Question

The number of ways in which a mixed double game can be arranged from amongst $5$ married couples if no husband and wife play in the same game is

• A. $56$
• B. $60$
• C. $96$
• D. None of these

Answer 1

The correct option is B

$60$

Explanation for the correct answer:

To play a match of mixed doubles, $4$ people are required. $2$ men and $2$ women

There are $5$ married couples implying there are $5$ men and $5$ women

$2$ men can be selected from the $5$ men in ${}^5{C}_2$ ways.$...\left(i\right)$

Now we have to select the $2$ women in such a way that neither of the selected men's wives are playing the game

So we do not include the $2$ wives of the selected men in the selection for the $2$ women in the game.

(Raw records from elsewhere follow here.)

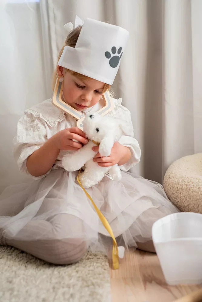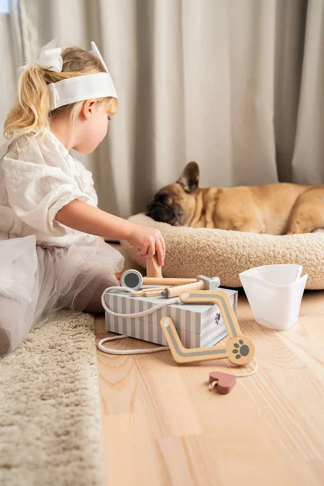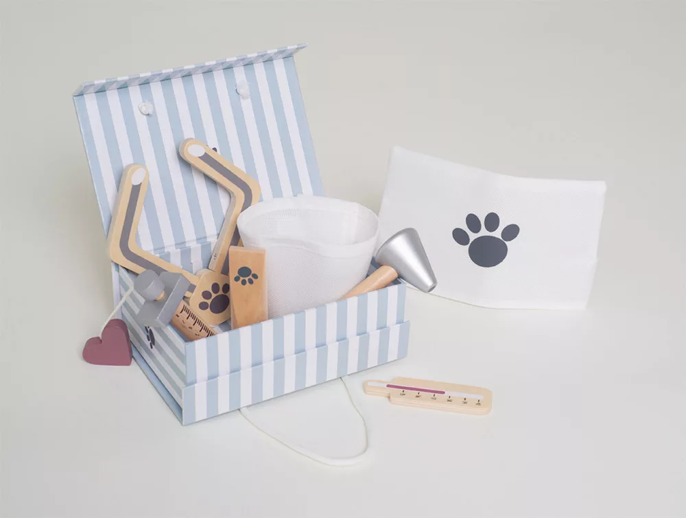 Készen állsz, hogy elindítsd a saját állatorvosi rendelődet? Ez a Jabadabado mágneses záródású, mindennel felszerelt állatorvosi táska minden megfelelő fa eszközt tartalmaz, hogy megmentsd a rászoruló szeretett állatokat és plüssállatokat.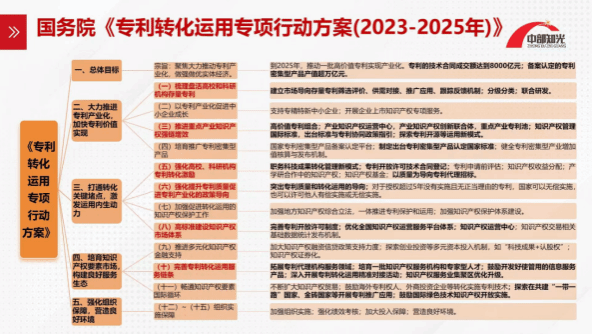 龚红兵老师重点讲解了国务院办公厅印发的《专利转化运用专项行动方案(2023—2025年)》的通知(国办发〔2023〕37号),特别指出了企业专利转化运用过程中的法律风险,并提出系统的法律防范措施。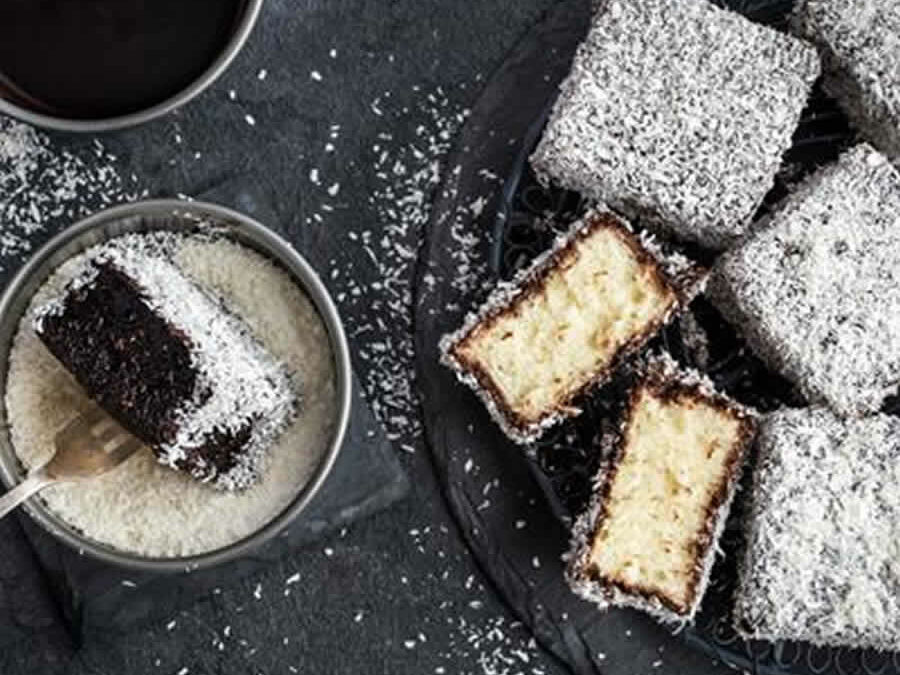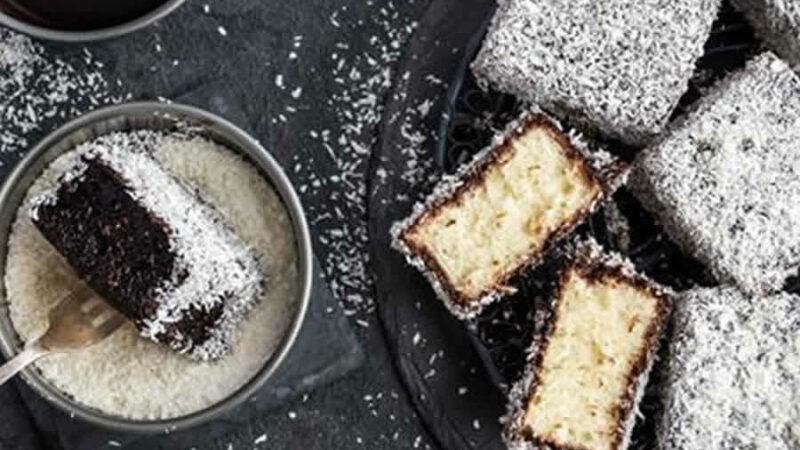 Le lamington est un gâteau traditionnel australien constitué de rectangles de gâteau éponge recouverts d’un glaçage au chocolat et roulé dans de la noix de coco séchée.

Hence,$2$ women can be selected out of the remaining $3$ women in ${}^3{C}_2$$...\left(ii\right)$

Now consider that $2$ men and $2$ women are selected to play the mixed doubles match say $\left(M_1,M_2\right)$ and $\left(W_1,W_2\right)$

The teams out of these $4$ people can be $\left(M_1,W_1\right)$ and $\left(M_2,W_2\right)$ or $\left(M_1,W_2\right)$ and $\left(M_2,W_1\right)$.

That is the team can be made in $2$ ways.$...\left(iii\right)$

Hence, total number of ways$=$${}^5{C}_2\times$${}^3{C}_2\times 2$

$=\frac{5!}{2!3!}\times \frac{3!}{2!1!}\times 2$

Total number of ways$=60$

Hence, option $\left(B\right)$ is the correct answer